Verkaufsoffener Sonntag: Hunderttausende in der City
VON UWE REIMANN - zuletzt aktualisiert: 30.03.2009 - 07:19Düsseldorf (RPO). Fünf Stunden lang trotzten die Kauflustigen am vergangenen Sonntag den schlechten Nachrichten. Der Einzelhandel ist sehr zufrieden: Die Krise ist noch nicht in den Geschäften angekommen. Vor allem die Frühjahrsmode sorgt für hohe Umsätze.
Wer geglaubt hatte, nach den schlechten wirtschaftlichen Nachrichten bliebe die Stadt eher leer, sah sich getäuscht: Hunderttausende drängelten sich in Innenstadt, Altstadt und Golzheim.
Die Rheinbahn hatte extra zum "Auftakt ins neue Jahr", wie es Einzelhandelsverbandsreferent Rainer Gallus beschrieb, mehrere Rheinbahnlinien in die City verstärkt. Das war auch bitter nötig. Kö, Schadowstraße, Wehrhahn, dazu alle Straßen und Gassen der Altstadt waren voll von Besuchern.
"Meine Erwartungen für diesen Tag sind deutlich übertroffen worden", sagt Marc Röseler, Geschäftsführer von C & A. Er profitiert von dem gestrigen Run auf die Frühjahrsmode. Traditionell kommen die neuen Kleidungs-Kollektionen im Frühjahr, vor Ostern, dann wenn die Tage länger und heller werden. Ob Warenhäuser, Einzelhändler oder Boutiquen: Alle bestätigten gestern diesen Trend zu Textilien.
Mit Muße und ohne Hektik
Karstadt-Geschäftsführer Christof Sattler war ebenfalls sehr zufrieden – so richtig aber erst ab 15 Uhr. "Da kamen die Besucher in großen Massen." Viele hätten am Nachmittag mit Muße und keinerlei Hektik gekauft. Gekauft, nicht nur geguckt. "Positiv war, dass viele sich informierten und sich dann auch zum Kauf entschieden", sagt Sattler.

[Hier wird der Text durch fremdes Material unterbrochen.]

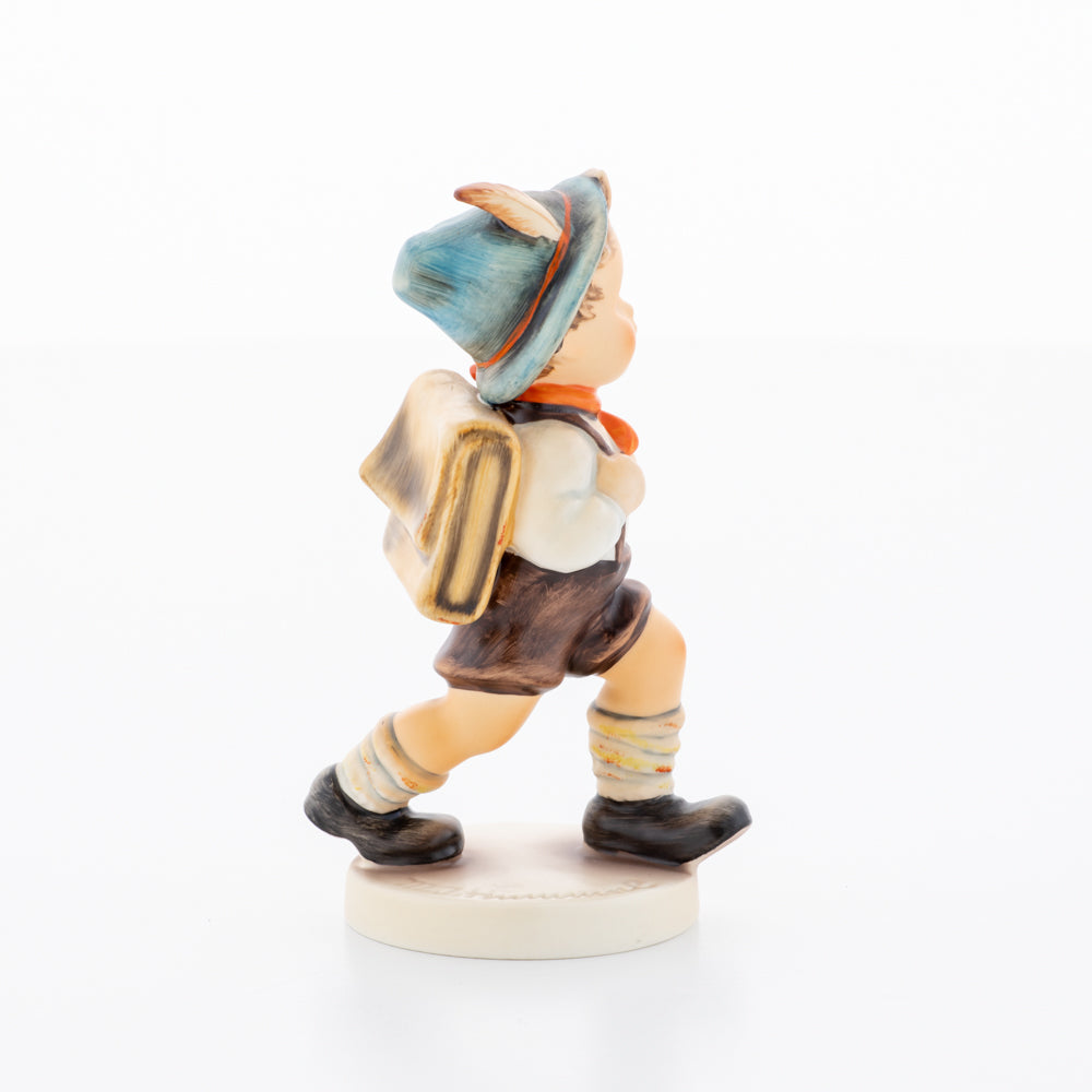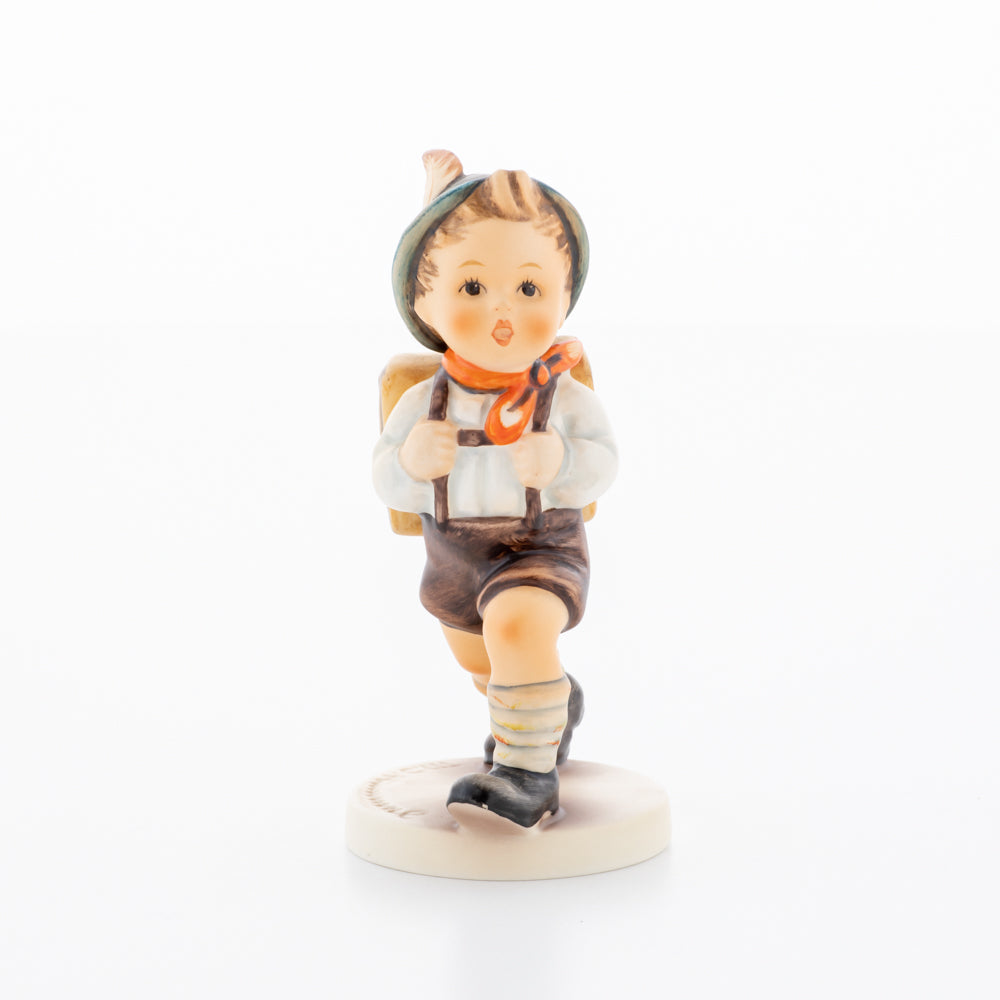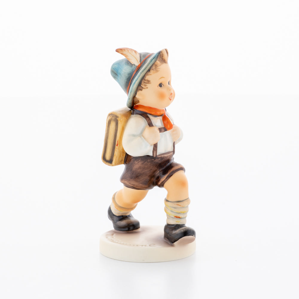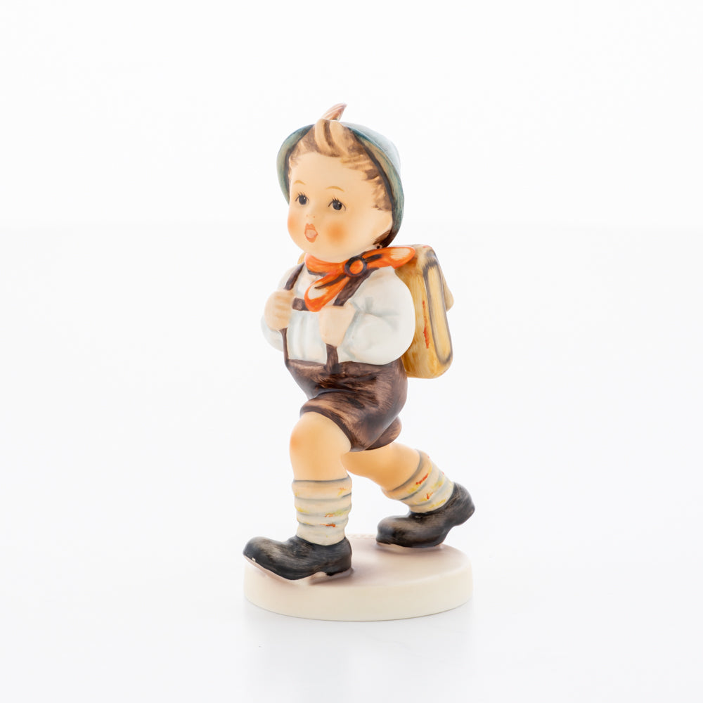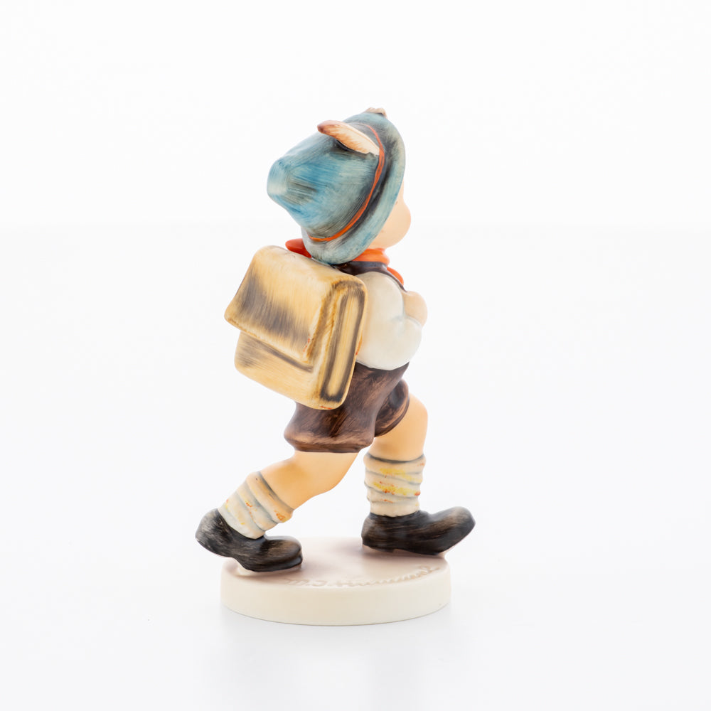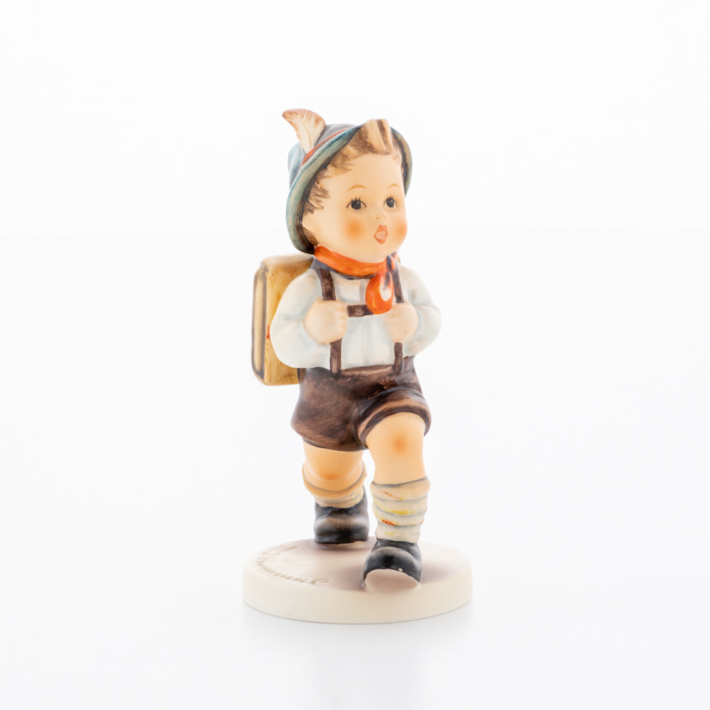 Halt, wo will der kleine Herr denn hin? Den Schulranzen auf dem Rücken und einen feschen Hut auf dem Kopf marschiert der kleine Hummel-Junge los. Aber er marschiert nicht in Richtung Schule! So macht er seinem Namen "Schulschwänzer" alle Ehre. Diese kesse M.I. Hummel-Figur wurde 1938 von Meistermodelleur Arthur Möller geformt. Die Figur, die an die original Zeichnungen der Schwester Maria Innocentia Hummel angelehnt ist, erstrahlt in einer niedlichen und den Betrachter verzaubernden Optik. Mittlerweile gibt es die herzige Hummel-Figur in drei verschiedenen Größen.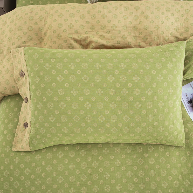 商品名称:鲁爱 2025新款全棉色织双层纱纽扣款四件套 幸福星-绿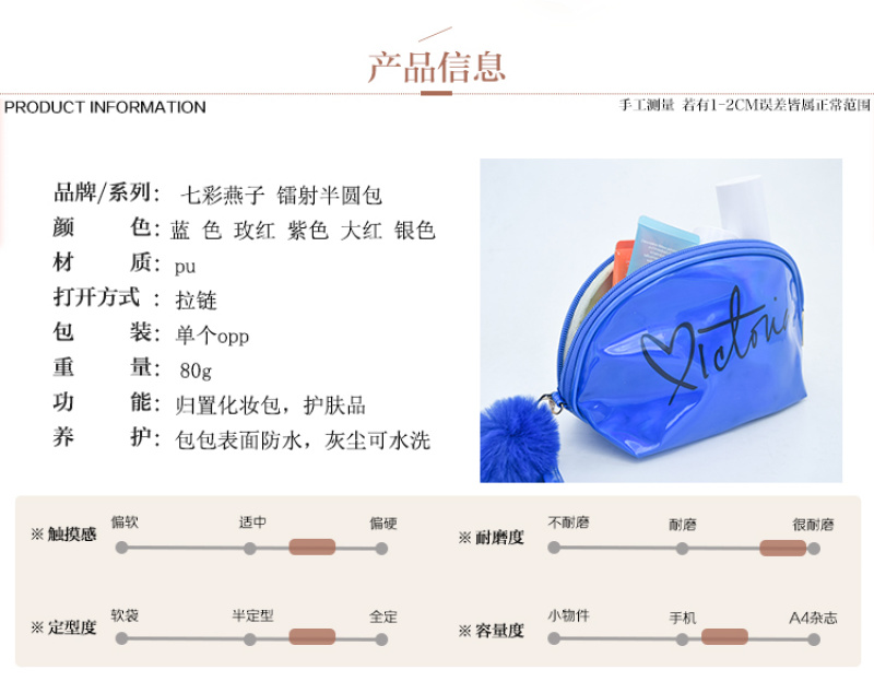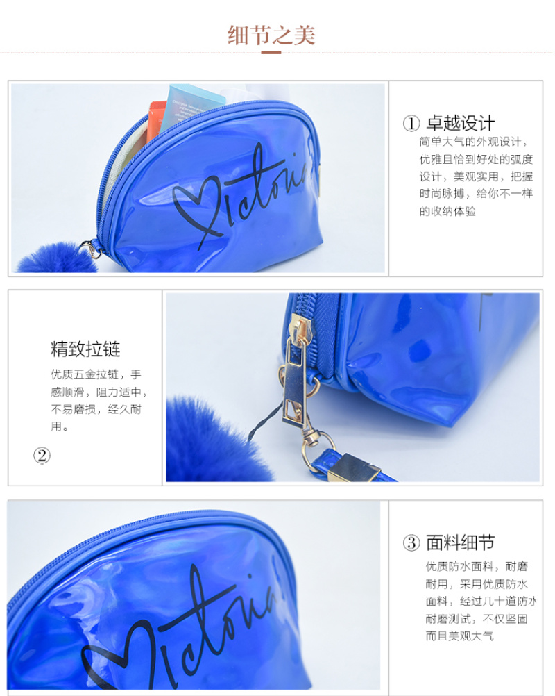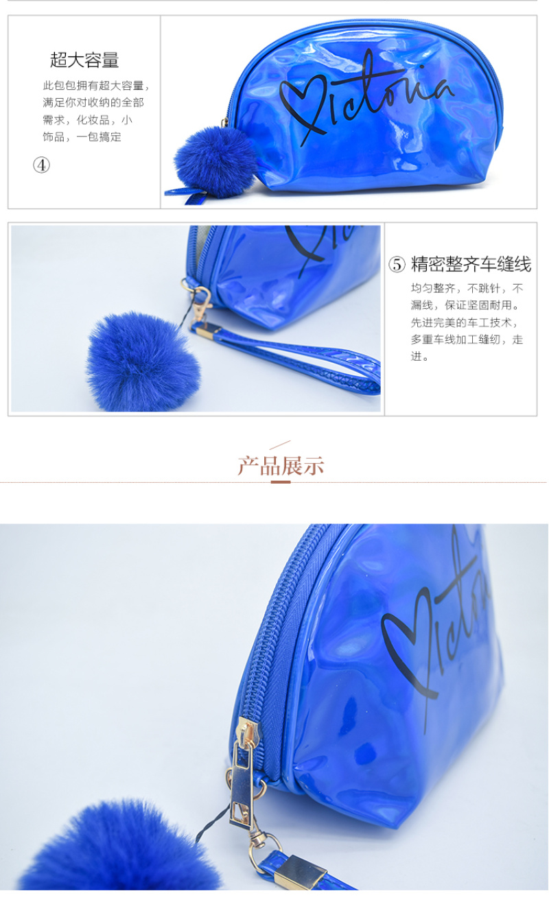 About Product:Laser shell package, this product is made of PVC Laser material, the surface is waterproof and easy to clean, PVC Laser is the most popular and hot shot design in recent years, the shell modeling, The printing and hair ball design is more practical with large capacity, suitable for skin care products and cosmetics. The printing can print The customer's own logo, color: Factory spot sales can invoice.
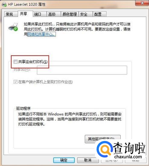 在“共享”选项卡下方找到“共享这台打印机”选项。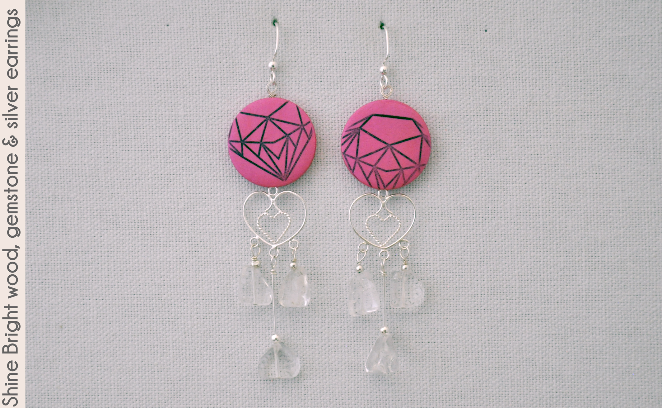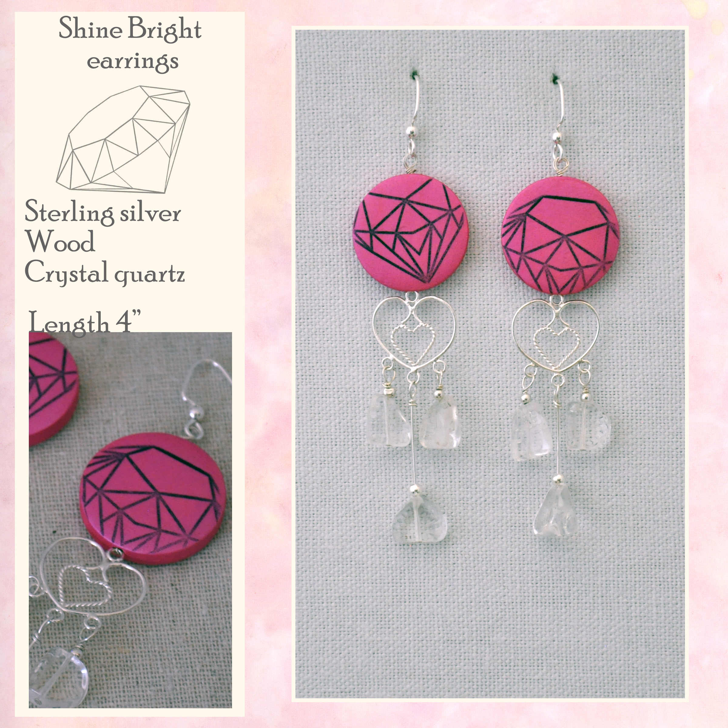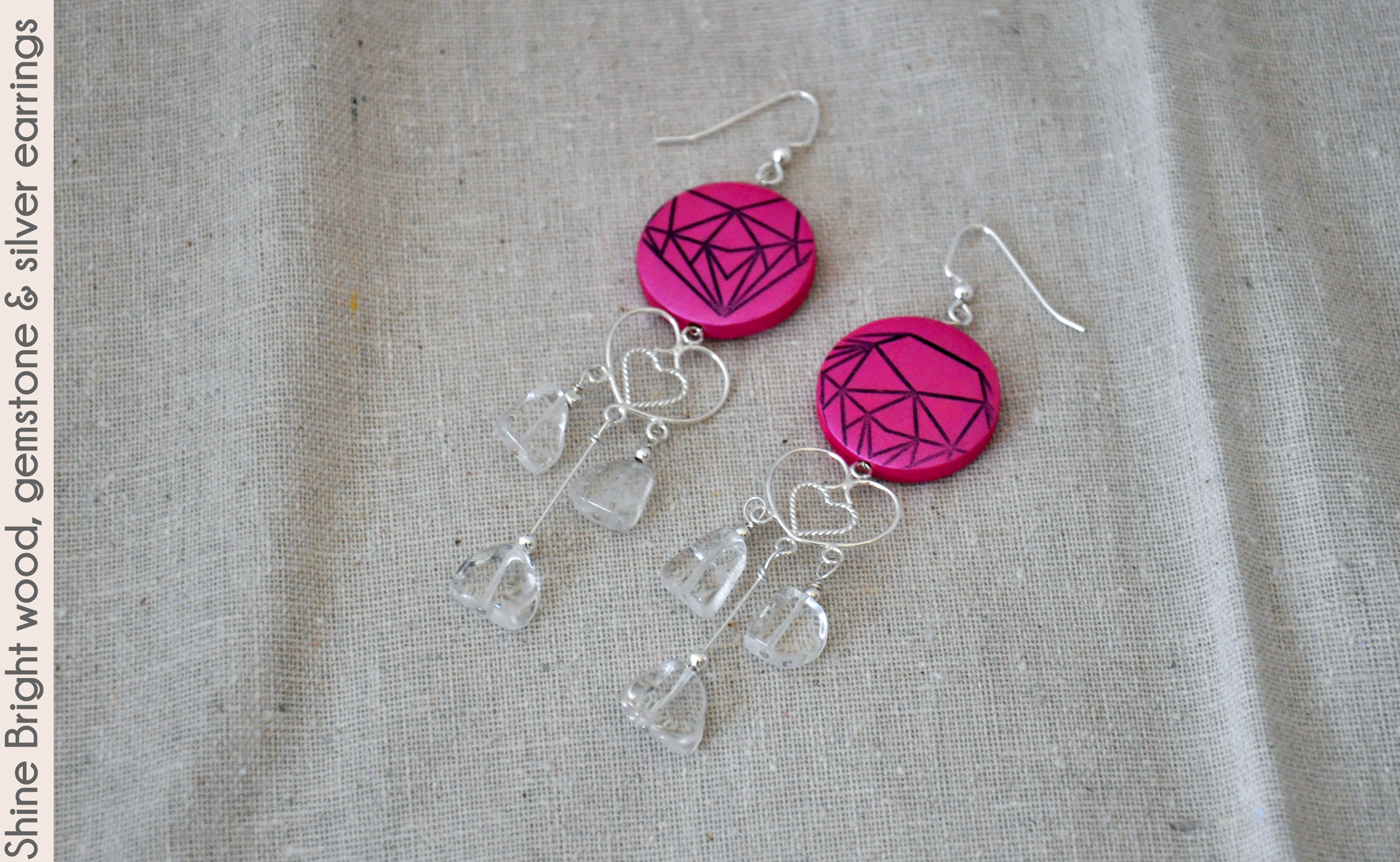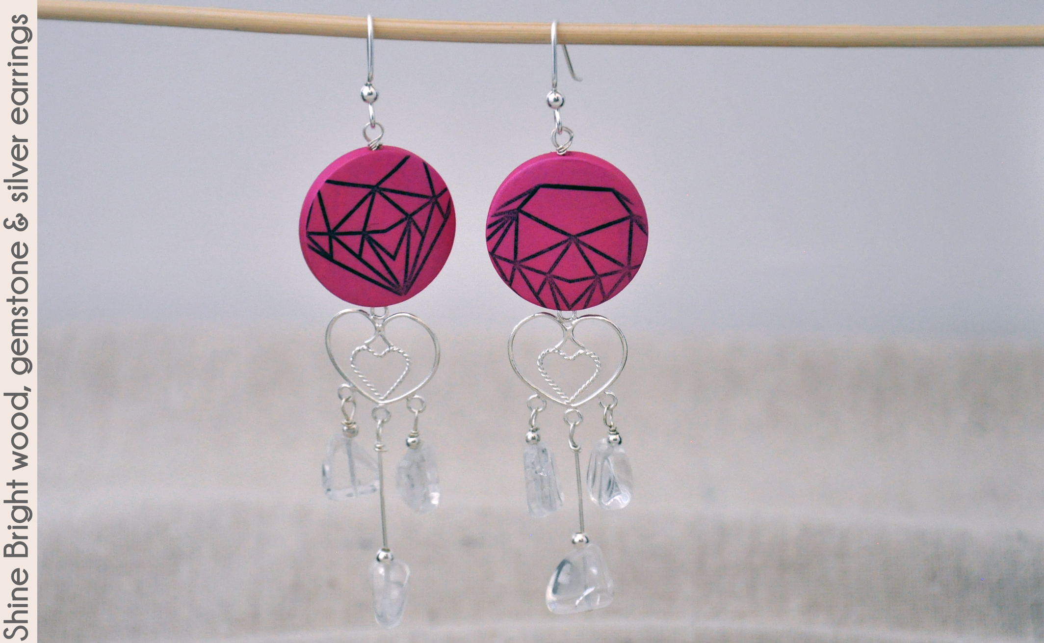 Shine bright with these light-filled 4" drop earrings of intense magenta and silver-white color.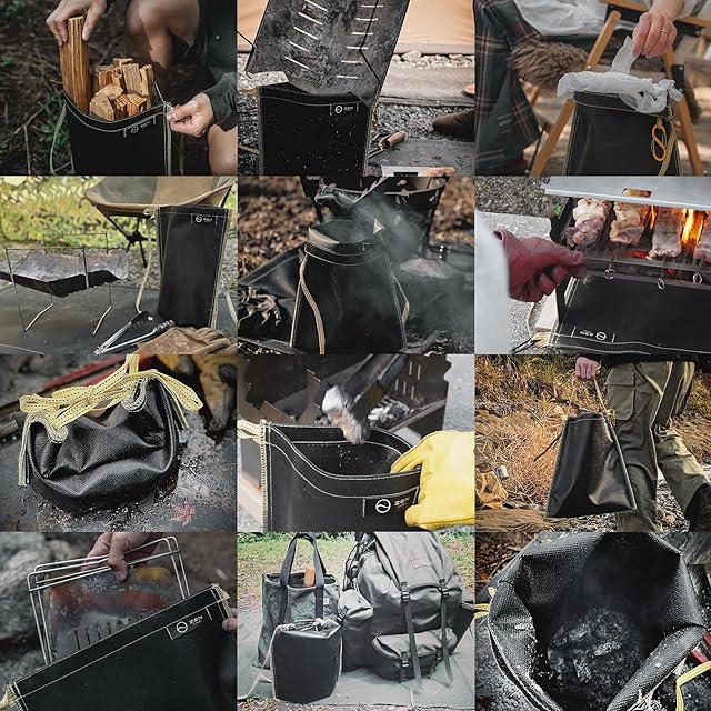 【大容量・自立式】バーベキューやキャンプの後処理に折りたたみコンパクトな火消し袋を開口して薪や炭を処理して下さい。袋の下部のマチにより自立可能で安心に炭消袋を取り扱えます。口を外側に折り返せば、口が広くなるため簡単に燃えカスを投入できます。

Der Einzelhandelsverbandsvorsitzende und Saturn-Geschäftsführer Dirk Henckel erkannte an dem "extrem vollen Sonntag" sogar einen der besten seiner Art. "Ich war positiv überrascht, wie wenig die schlechten Nachrichten über die wirtschaftliche Lage zu Kaufzurückhaltung geführt haben." Sein Beweis: Bereits nach zwei Stunden hatte seine Saturn-Filiale im Sevens an der Kö die Zielmarke für den gestrigen Tag erreicht.
Röseler hofft bei einem derart starken Sonntags-Shopping sogar auf mehr: die Wende zu einem auch in diesem Jahr erträglichen Geschäft. Die ersten drei Monate in diesem Jahr seien zufriedenstellend gewesen, jetzt hoffe man auf das Ostergeschäft.
Das scheint sich bei der Galeria Kaufhof an der Kö bereits anzukündigen. "Die Nachfrage lag natürlich bei den Textilien. Aber auch Ostergeschenke und Spielzeug waren sehr nachgefragt", sagt Geschäftsführer Günther Knie. Zurückhaltender beurteilt Claus Franzen, Vorsitzender der Interessengemeinschaft der Kö-Anlieger, den Sonntag. Seine Tendenz ganz klar: "Die Leute suchen ganz bewusst nach Qualität." Eine Einschätzung, die Dirk Henckel teilt: "Die Nachfrage nach der oberen Preisklasse ist da, außerdem die nach den preiswerteren Angeboten. Nur die Mittelklasse ist ein Problem."
Probleme, die Claus Franzen zumindest bei den Brautleuten nicht sieht. Zahlreiche Heiratswillige stürmen gerade jetzt im Frühling und ganz besonders gestern sein exklusives Geschäft an der Kö. "Viele erstellen sich ihre Hochzeitslisten, nach denen die Geschenke ausgesucht werden können."
Bei so viel Geschäftserfolg konnte auch die Polizei nur beipflichten. Die Parkhäuser waren voll – und: Keine großen Verkehrsprobleme, keine Staus, nur die sattsam bekannten Behinderungen durch U-Bahnbau und andere Baustellen in der Stadt.